╭──

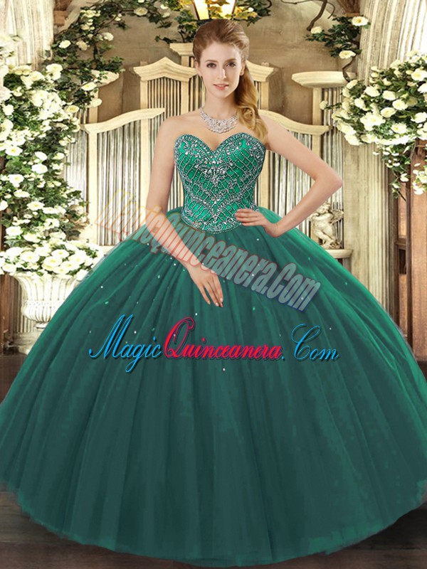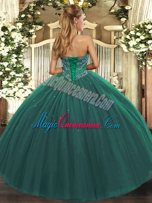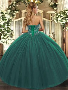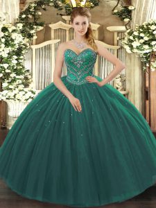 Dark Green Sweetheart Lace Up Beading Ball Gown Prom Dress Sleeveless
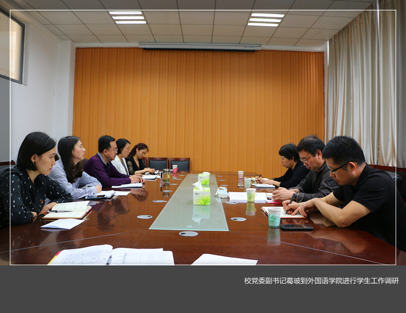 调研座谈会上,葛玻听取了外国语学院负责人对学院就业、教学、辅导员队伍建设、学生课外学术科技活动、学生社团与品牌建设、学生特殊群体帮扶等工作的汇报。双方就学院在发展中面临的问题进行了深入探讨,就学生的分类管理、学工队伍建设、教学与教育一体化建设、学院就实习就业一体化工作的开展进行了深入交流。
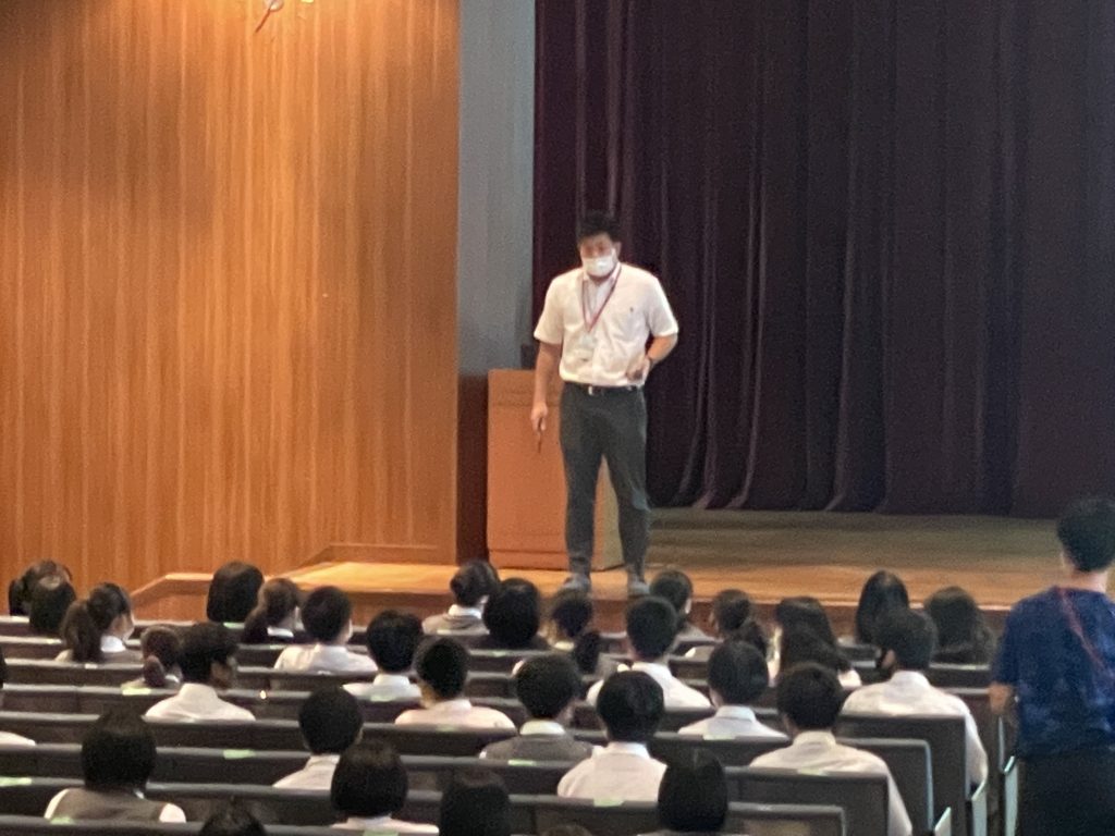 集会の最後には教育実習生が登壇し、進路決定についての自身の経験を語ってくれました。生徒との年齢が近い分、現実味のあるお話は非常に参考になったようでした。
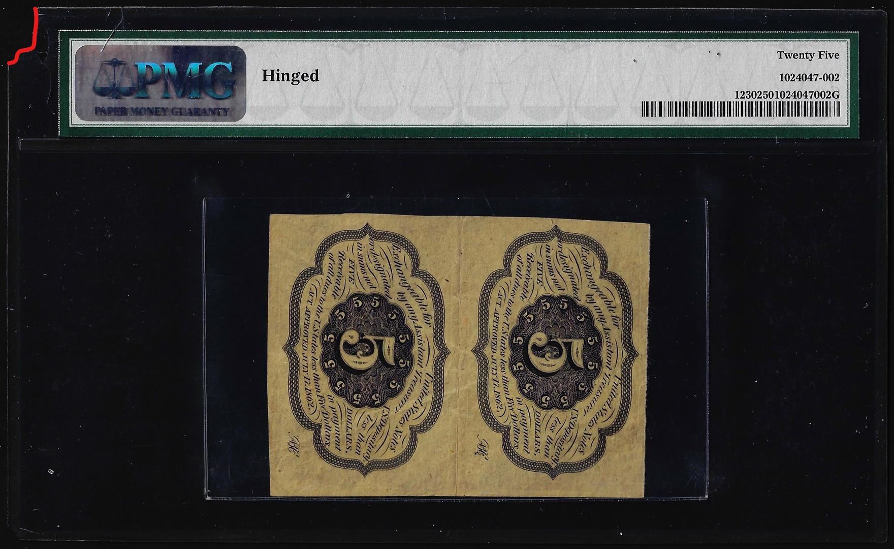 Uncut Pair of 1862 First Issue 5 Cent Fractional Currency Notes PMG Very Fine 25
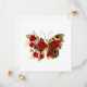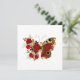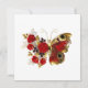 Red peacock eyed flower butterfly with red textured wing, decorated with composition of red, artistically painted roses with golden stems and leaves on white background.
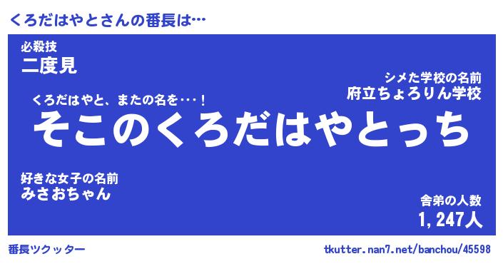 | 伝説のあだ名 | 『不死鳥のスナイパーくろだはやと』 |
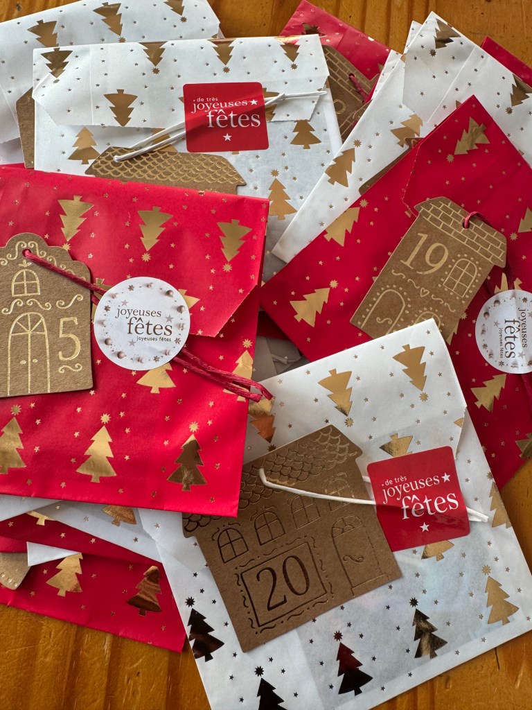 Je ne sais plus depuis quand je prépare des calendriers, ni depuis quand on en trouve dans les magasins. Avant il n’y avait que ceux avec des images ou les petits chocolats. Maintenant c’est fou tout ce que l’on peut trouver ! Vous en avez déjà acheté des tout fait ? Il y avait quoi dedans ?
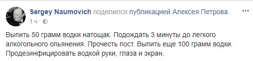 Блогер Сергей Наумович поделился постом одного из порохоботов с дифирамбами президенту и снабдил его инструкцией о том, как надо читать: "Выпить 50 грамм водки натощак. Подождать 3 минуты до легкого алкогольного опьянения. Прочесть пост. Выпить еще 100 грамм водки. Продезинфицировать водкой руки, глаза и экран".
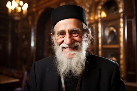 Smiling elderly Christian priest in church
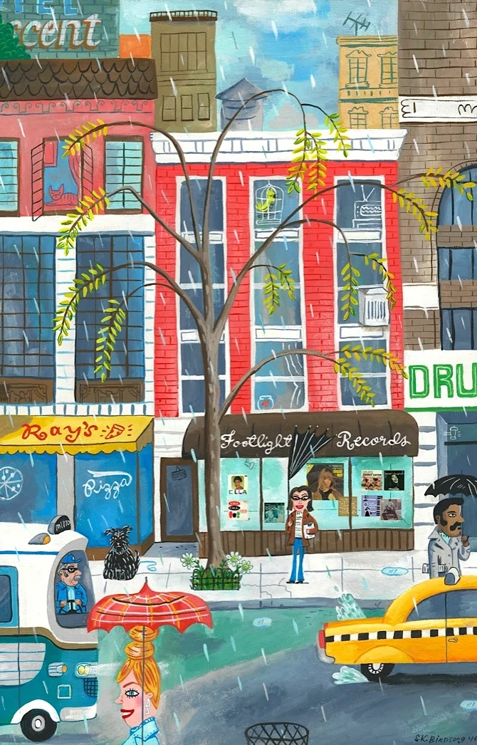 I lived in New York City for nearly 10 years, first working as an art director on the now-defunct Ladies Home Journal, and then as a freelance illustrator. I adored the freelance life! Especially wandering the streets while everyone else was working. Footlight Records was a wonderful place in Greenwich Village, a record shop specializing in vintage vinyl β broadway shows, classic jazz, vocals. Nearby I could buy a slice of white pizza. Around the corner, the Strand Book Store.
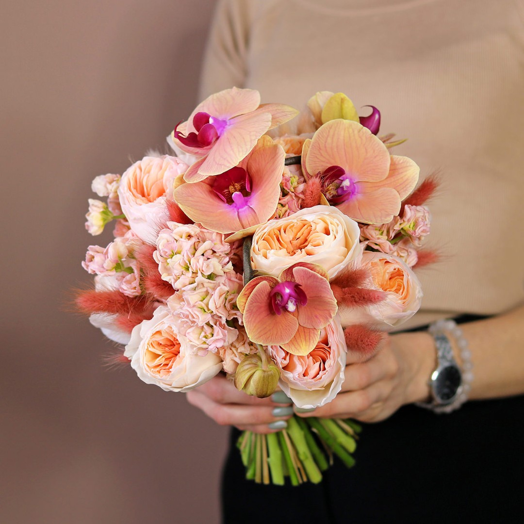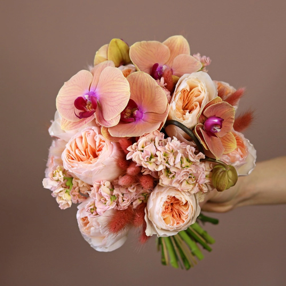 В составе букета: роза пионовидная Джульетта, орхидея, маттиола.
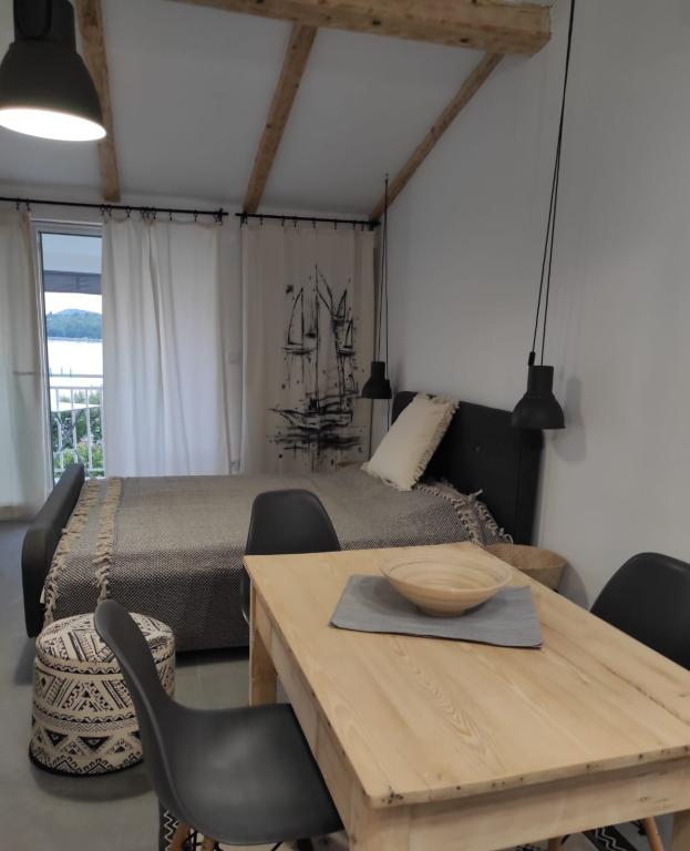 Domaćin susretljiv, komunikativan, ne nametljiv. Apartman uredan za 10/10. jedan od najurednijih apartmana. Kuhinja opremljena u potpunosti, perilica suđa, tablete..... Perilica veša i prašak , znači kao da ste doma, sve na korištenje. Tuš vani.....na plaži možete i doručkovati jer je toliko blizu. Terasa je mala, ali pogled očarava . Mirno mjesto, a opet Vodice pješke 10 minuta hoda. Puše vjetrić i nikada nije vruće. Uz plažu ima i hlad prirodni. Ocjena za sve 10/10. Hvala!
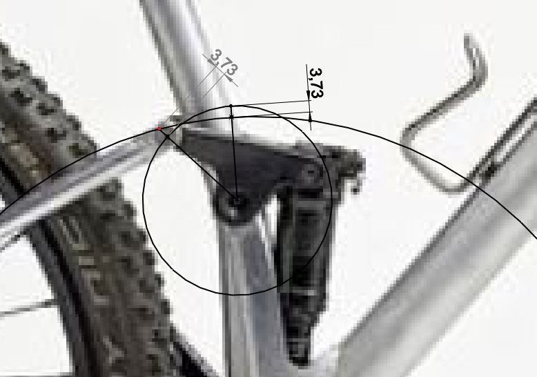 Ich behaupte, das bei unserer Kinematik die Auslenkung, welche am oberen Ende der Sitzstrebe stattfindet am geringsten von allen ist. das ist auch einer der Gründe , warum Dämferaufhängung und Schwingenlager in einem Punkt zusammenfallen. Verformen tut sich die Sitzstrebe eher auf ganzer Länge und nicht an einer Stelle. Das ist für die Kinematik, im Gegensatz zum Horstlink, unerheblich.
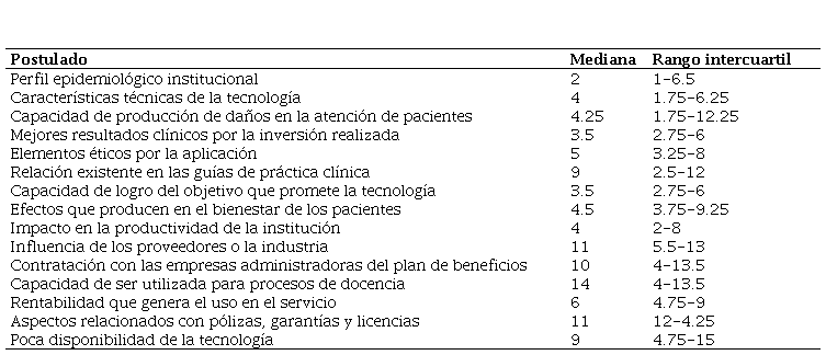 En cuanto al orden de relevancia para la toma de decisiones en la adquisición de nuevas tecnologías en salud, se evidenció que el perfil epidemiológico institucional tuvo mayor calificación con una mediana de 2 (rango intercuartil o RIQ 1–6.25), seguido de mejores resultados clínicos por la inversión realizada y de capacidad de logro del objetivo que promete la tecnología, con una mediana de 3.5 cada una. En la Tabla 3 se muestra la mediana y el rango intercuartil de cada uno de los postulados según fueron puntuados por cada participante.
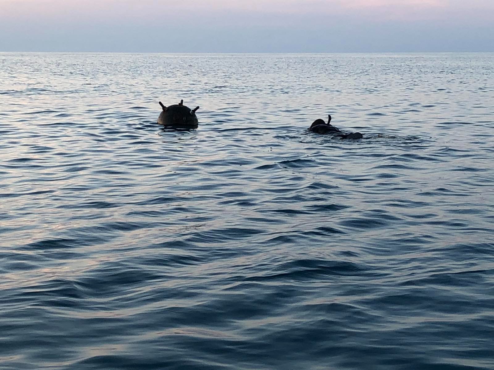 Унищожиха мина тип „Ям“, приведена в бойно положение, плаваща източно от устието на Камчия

╰──

Can the lines from the start of the records through the line with "Smiling elderly Christian priest in church" be given again exactly, with the pictures left out?

 Dark Green Sweetheart Lace Up Beading Ball Gown Prom Dress Sleeveless
 调研座谈会上,葛玻听取了外国语学院负责人对学院就业、教学、辅导员队伍建设、学生课外学术科技活动、学生社团与品牌建设、学生特殊群体帮扶等工作的汇报。双方就学院在发展中面临的问题进行了深入探讨,就学生的分类管理、学工队伍建设、教学与教育一体化建设、学院就实习就业一体化工作的开展进行了深入交流。
 集会の最後には教育実習生が登壇し、進路決定についての自身の経験を語ってくれました。生徒との年齢が近い分、現実味のあるお話は非常に参考になったようでした。
 Uncut Pair of 1862 First Issue 5 Cent Fractional Currency Notes PMG Very Fine 25
 Red peacock eyed flower butterfly with red textured wing, decorated with composition of red, artistically painted roses with golden stems and leaves on white background.
 | 伝説のあだ名 | 『不死鳥のスナイパーくろだはやと』 |
 Je ne sais plus depuis quand je prépare des calendriers, ni depuis quand on en trouve dans les magasins. Avant il n’y avait que ceux avec des images ou les petits chocolats. Maintenant c’est fou tout ce que l’on peut trouver ! Vous en avez déjà acheté des tout fait ? Il y avait quoi dedans ?
 Блогер Сергей Наумович поделился постом одного из порохоботов с дифирамбами президенту и снабдил его инструкцией о том, как надо читать: "Выпить 50 грамм водки натощак. Подождать 3 минуты до легкого алкогольного опьянения. Прочесть пост. Выпить еще 100 грамм водки. Продезинфицировать водкой руки, глаза и экран".
 Smiling elderly Christian priest in church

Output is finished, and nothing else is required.